Dalloway wrote:muaddib wrote:If I didn't misunderstand you
How can this be misunderstood?
Haha, that was partly just sentence-fluff, but I wasn't clear on the reference to "schizoid damage." I've also been getting by on less sleep past couple weeks so I started wondering if I was missing something about the back-and-forth between you and OneRinger.
Dalloway wrote:muaddib wrote:where someone's praise and criticism reflects the real value of things
I don't think that's possible. I'm at odds with real and value. I like to make the distinction between truth (individual) and reality (universal). We can try to give our most unobstructed truths and the question is how much this resonates with the truth of someone else.
Well, in retrospect, I probably could have used a better term than value, but I'm wondering if we have different situations in mind. I was picturing a situation where there's a relatively dependable notion of doing something right or wrong, like building an airplane. It's not enough for you to know how to build an airplane, but you have to support the people that know what they're doing and lay down some consequences for mistakes. If you don't, the whole enterprise will fall apart even if somehow the plane doesn't.
Dalloway wrote:Many people in this forum respond towards a topic in a way dependent on how the topic makes them look; it's not a question of reality but truth, transfigured by emotion.
Ah, if you had things like the forum in mind, I can understand where you're coming from.
Dalloway wrote:Since OneRinger unsurprisingly didn't explain his “more direct way of communication” than telling someone directly, I'm giving this to you. C'mon metaphysic away.
Now honestly, I definitely don't understand what your exact drift is here. In regards to what OneRinger was saying, I don't know what he had in mind, but perhaps he was getting at something like "admonish your friends in private, praise them in public"?
Dalloway wrote:I'm impressed you know about Han Fei. Did you read all of his work?
Oh, I've still only read excerpts like that one and the first part of the
Hanfeizi. I actually found a copy of the Book of Lord Shang too so I thought I'd go through that first. I'd like to really buckle down on the original books (not just Legalist), but I have to finish all the other stuff going on in life to earn a little monk-cation.
I've been reading more when I can and trying to think about Chinese philosophy, and not just the Legalists. I've actually had a few epiphanies over the past few months that have led me back to the Confucians in several ways (one of which I plan to share here at some point). The Legalists are definitely interesting though, and from what I understand of Chinese history and all their ideas taken together, the actual philosophers probably don't deserve a lot of the bad rap they get.

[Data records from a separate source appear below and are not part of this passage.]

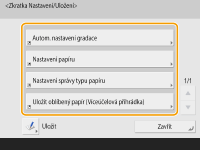 (Nastav./Uložit), můžete vytvořit zkratku. Pokud často používáte položku nastavení, která je k dispozici na velmi hluboké úrovni, můžete pomocí dané zkratky rychle přepnout zobrazení.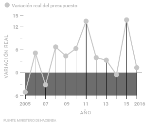 "El Presupuesto para 2016 creció un 0,5% en términos nominales en comparación al presentado un año antes. No obstante, esto no refleja el verdadero aumento ya que no ajusta las cifras por inflación. En términos reales, el presupuesto para este año creció un 1,3% respecto del de 2015. Si bien este aumento fue mucho menor al de 2014 - 2015 (13,8%), no ha sido el más bajo de la última década.Desde 2006, en dos ocasiones se dio un crecimiento menor: De 2006 a 2007 el presupuesto decreció en 3,2% y de 2013 a 2014 cayó un 0,5%, en términos reales."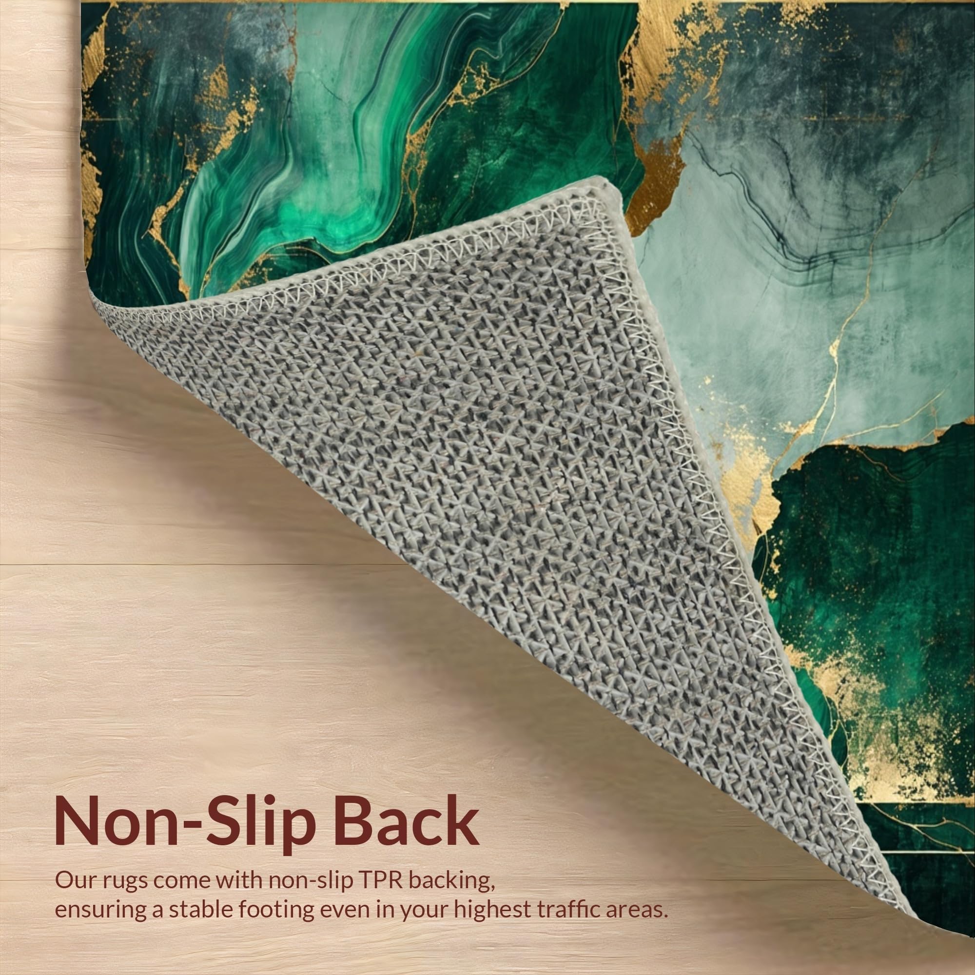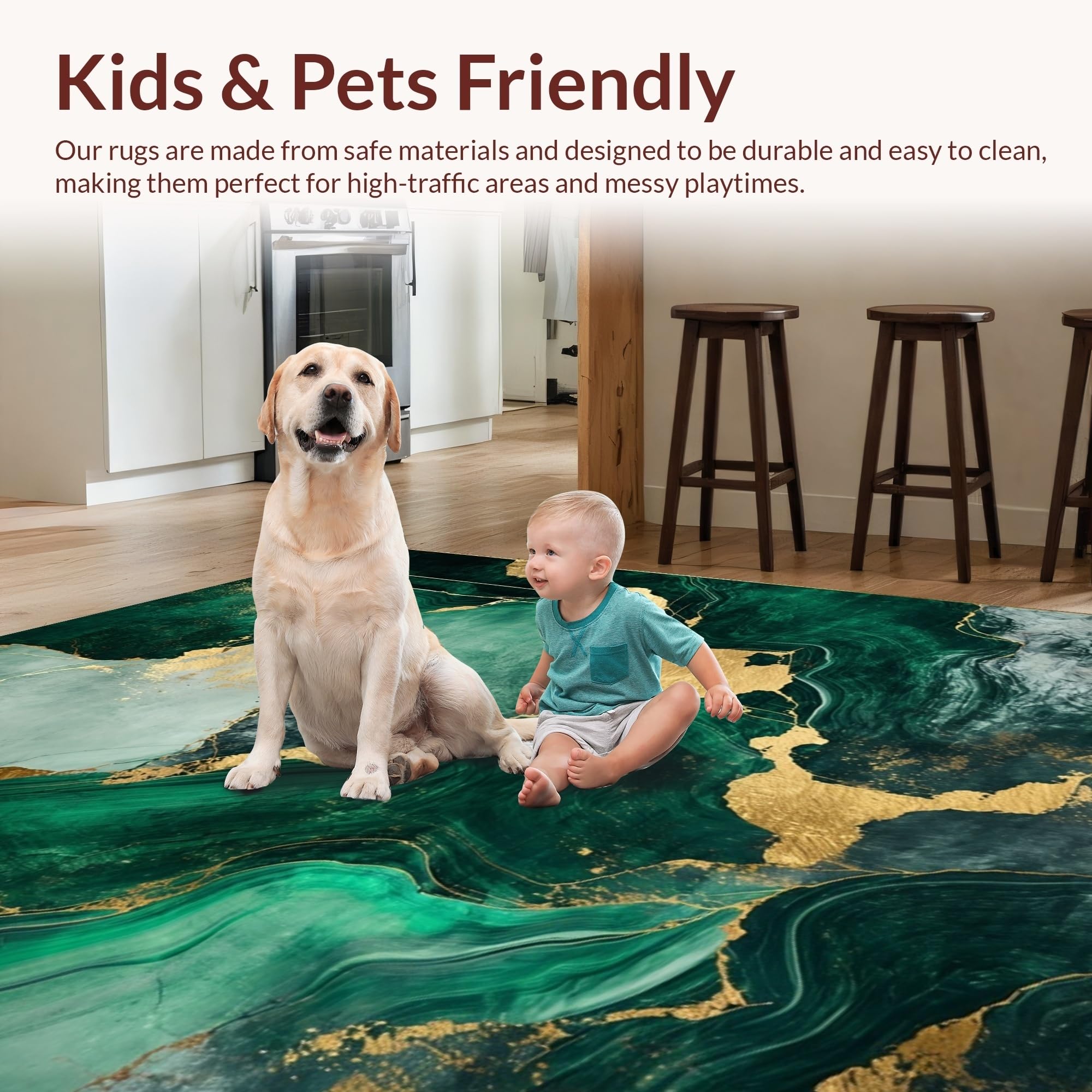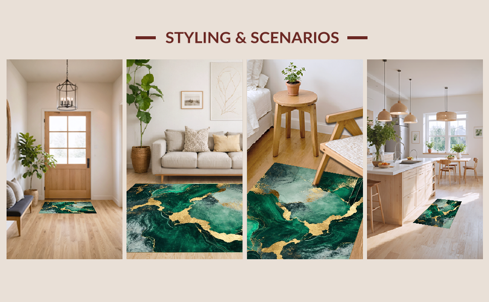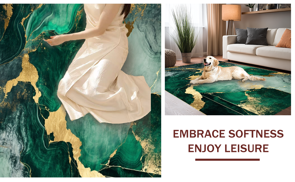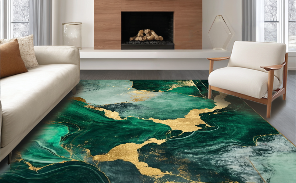 Ultra Soft Area Rug, Non Slip, Stain Resistant, Washable Area Rugs for Living Room, Bedroom, Chic Green and Gold Blend(Green) Overview: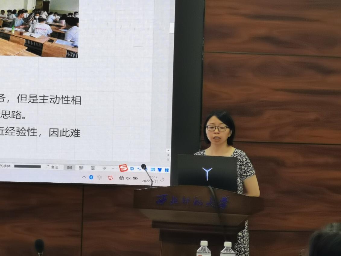 在前期线上听评课及教学文档评价的基础上,公司推荐张祥字、张荣华、尹玉龙、任德云、曹华、张建勋6位优秀选手参加线下教学展示评比。公司于2022年5月31日,组织优秀参赛选手进行线下教学展示。评审委员会由公司教学督导马正学教授、周同藩教授,k8凯发杨玲教授、康廷虎教授、雍琳副教授组成。公司周爱保教授、夏瑞雪教授、杨阳副教授,以及张彦驰、刘晓婷等老师参加,公司部分本科生和心理健康教育硕士研究生也参加了教学观摩活动。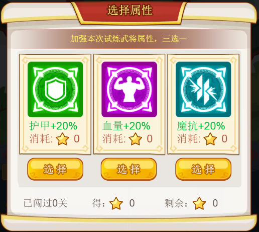 金星每过三关可以用来购买一次属性,属性仅在本轮挑战中生效,如下所示,大猫由于一直没能完美通过所以并买不起想要的属性。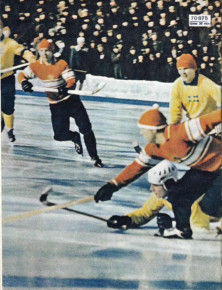27 февраля 1965 года. Москва. Центральный стадион «Динамо». 15 000 зрителей. СССР - Швеция - 3:3 (1:1). «Шведы к началу второго периода вели 3:1, и нашим ребятам пришлось приложить немало усилий, чтобы сквитать счет». (фото И. Осипова из журнала «Спортивные игры» № 4 за апрель 1965 года)

Dalloway wrote:slimsally wrote:The best bet for healthy social relationships is to make everyone feel good and included, if possible.

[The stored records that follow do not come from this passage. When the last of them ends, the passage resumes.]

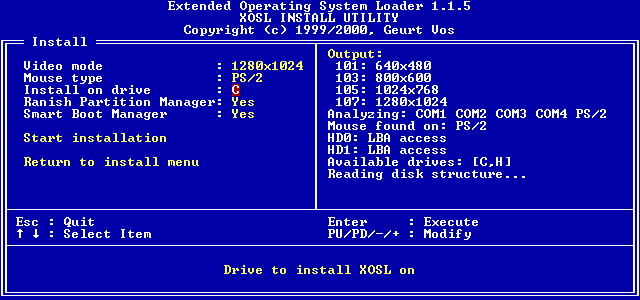 Here you will have to choose on what DOS drive XOSL is to be installed. Install will copy several files to the root directory of the selected drive, so which one you choose merely depends on where it is the least inconvenient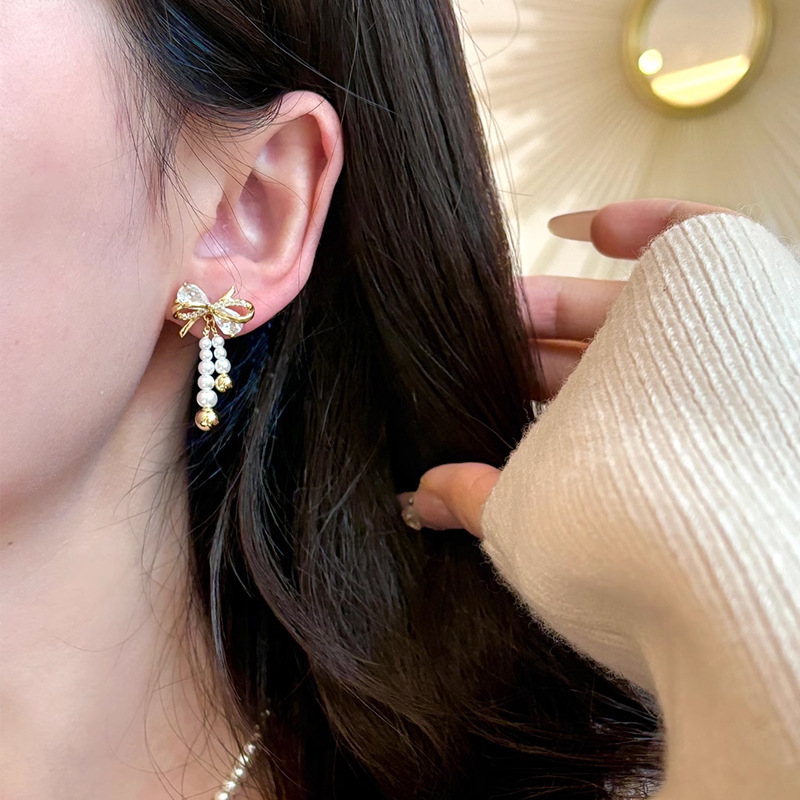Korean Style Niche Design, Exquisite, Elegant and Versatile Earrings, Sweet Zircon Pearl Bow Tassel Earrings for Women
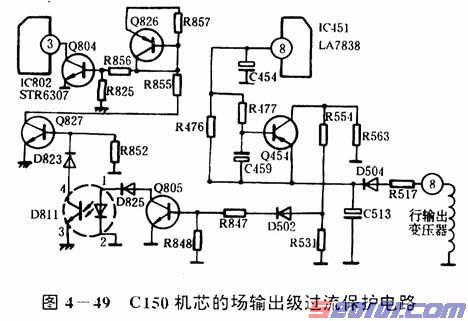 C150机芯的场输出级过流保护电路见图4一49所示。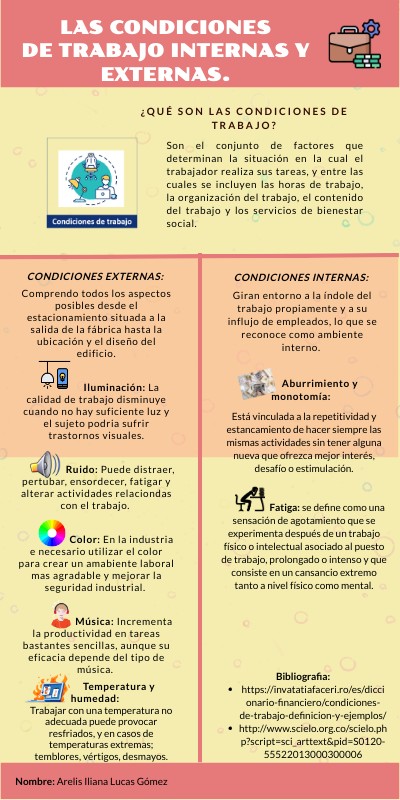 CONDICIONES EXTERNAS: Comprendo todos los aspectos posibles desde el estacionamiento situada a la salida de la fábrica hasta la ubicación y el diseño del edificio. Iluminación: La calidad de trabajo disminuye cuando no hay suficiente luz y el sujeto podria sufrir trastornos visuales. Ruido: Puede distraer, pertubar, ensordecer, fatigar y alterar actividades relaciondas con el trabajo. Color: En la industria e necesario utilizar el color para crear un amabiente laboral mas agradable y mejorar la seguridad industrial. Música: Incrementa la productividad en tareas bastantes sencillas, aunque su eficacia depende del tipo de música. Temperatura y humedad:

muaddib wrote:I try to take a similar approach too
Why the f would you do that? If you shy away from every form of open* classification you're just making it easy for yourself, in the short run at that....

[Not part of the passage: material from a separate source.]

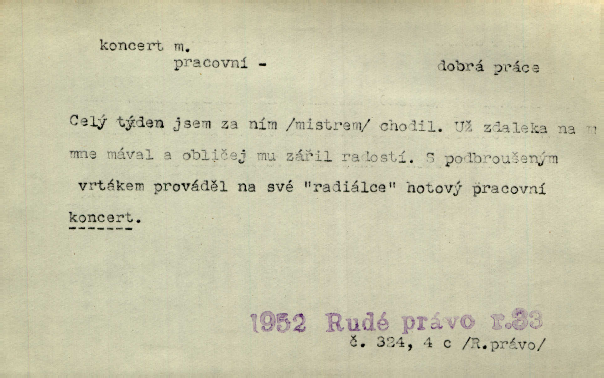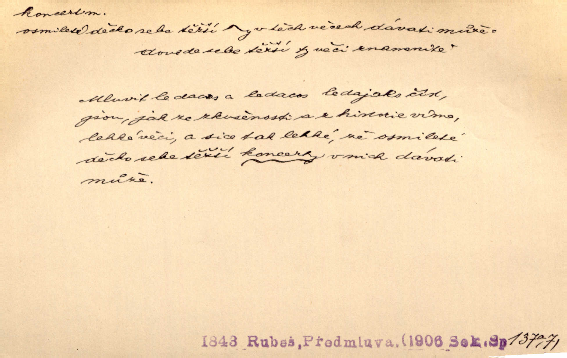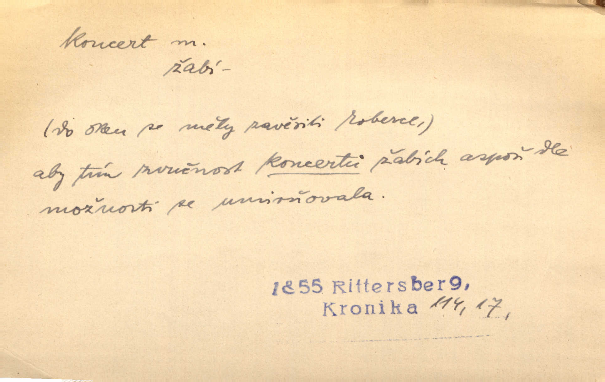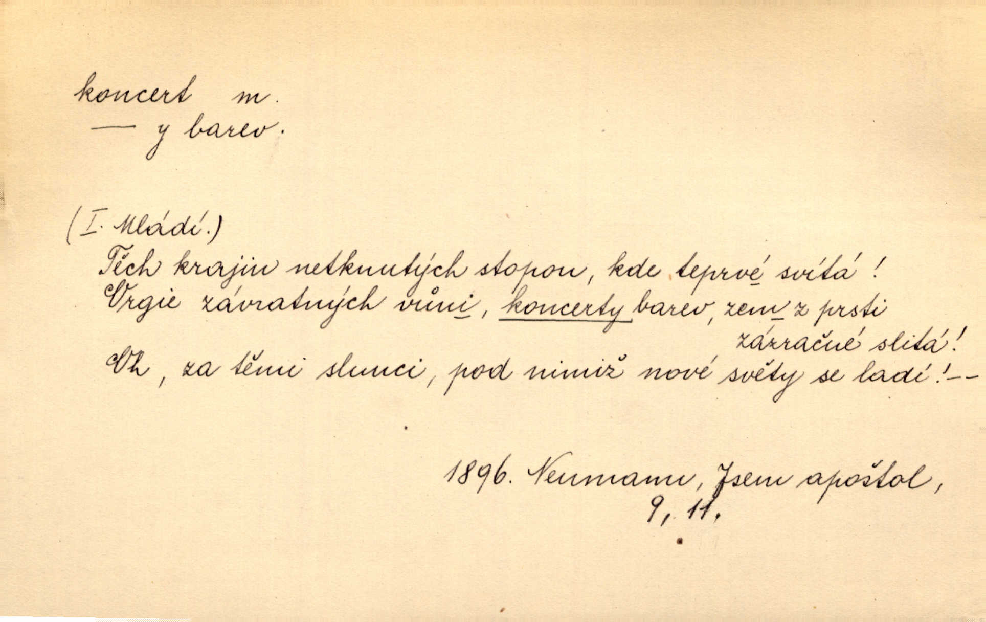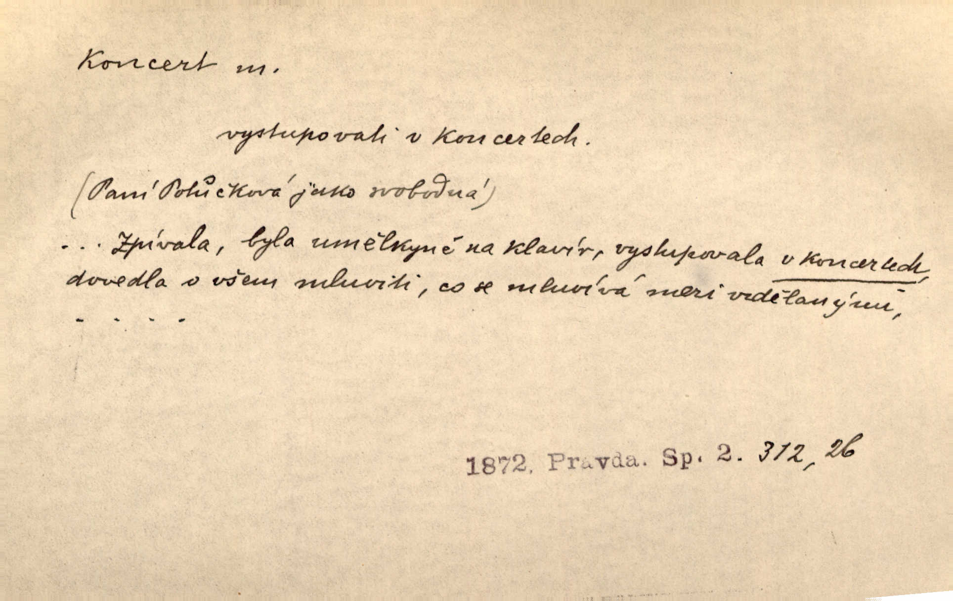 - koncert, -u m. veřejné provozování hudební skladby. Dobročinný koncert „ve prospěch invalidů, jejich vdov a sirotků“. K. Čap. D jakákoli jiná produkce. Drozd spustil nad lesem polední svůj koncert. Rais. Ty ostatní [děti] brečely na postelích. To bývaly koncerty, pro Krista Pána. Kun. Pan Mlacker začal jíst — koncert pro oči, kde kdo se díval. Jedl, mlaskal, olizoval se. Mach. A mosím vám ešče říct, habeste jako stárci drželi pořádek. Ať se nestane nějaké koncert v hospodě rámus, pračka, výtržnost. A. Mrš. On [Úprka] jediný sám syn té země chápe a cítí právě ty nejvyšší koncerty barev, které jsou mu dány. V. Mrš. D větší, technicky nesnadná hudební skladba pro sólový nástroj s doprovodem orchestru. Hrál [Slavík] svůj koncert do A-moll. Obr. živ. D Zř. dohoda. Smlouva se Saskem podmiňovala a předpokládala zároveň smlouvu širší, „koncert“ proti Prusku. Goll.

This is another place where I think we just had different things in mind. I was picturing a situation where someone makes a faux-pas, like an awkward remark, but it's not from some persistent character flaw and nobody's genuinely hurt by it. If you hit people over the head with criticisms in situations like that, you'll push most into an oppositional stance (I think that's where a lot of the reaction against political correctness first came from, then it turned into something more toxic among some).
I figured that was what slimsally had in mind too since she mentioned healthy relationships (which I took as implying some level of regular interaction). I don't disagree with you necessarily though; I just think the level of consequences should be taken into account. If someone is acting in a way that you feel is pathological and a private reprimand doesn't get through to them, then you probably will need to do it in public, if only to keep them from inflicting themselves on everyone else.